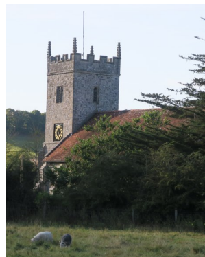
St Lawrence Church, Stratford-sub-Castle

A provisional date has been set for the talk—Wednesday 25th May at 7.30pm. Details for the walk and booking instructions will be released soon.
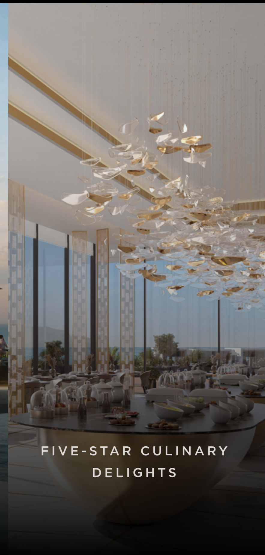
FIVE-STAR CULINARY DELIGHTS
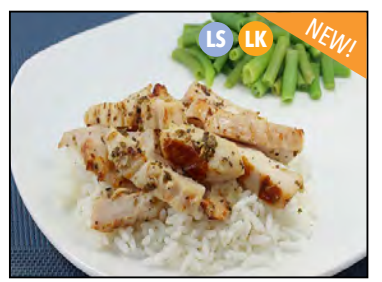
Chicken Souvlaki 2272 Packed 2 x 1.4 kg Portions 35 x 80 g
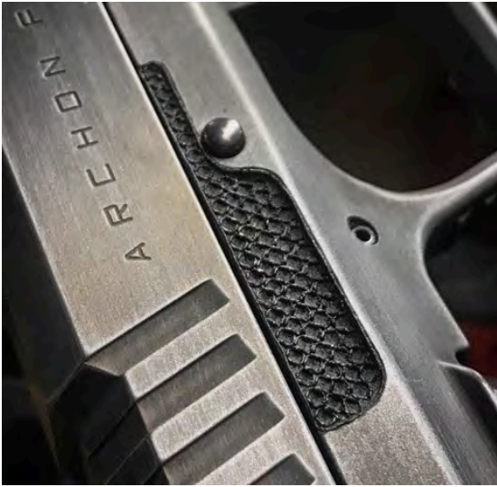
Keystone Index ( + $28)

::::

> _Assigned task_
The response should reproduce all the material above exactly and leave out its pictures.

> _Task response_
St Lawrence Church, Stratford-sub-Castle

A provisional date has been set for the talk—Wednesday 25th May at 7.30pm. Details for the walk and booking instructions will be released soon.
FIVE-STAR CULINARY DELIGHTS
Chicken Souvlaki 2272 Packed 2 x 1.4 kg Portions 35 x 80 g
Keystone Index ( + $28)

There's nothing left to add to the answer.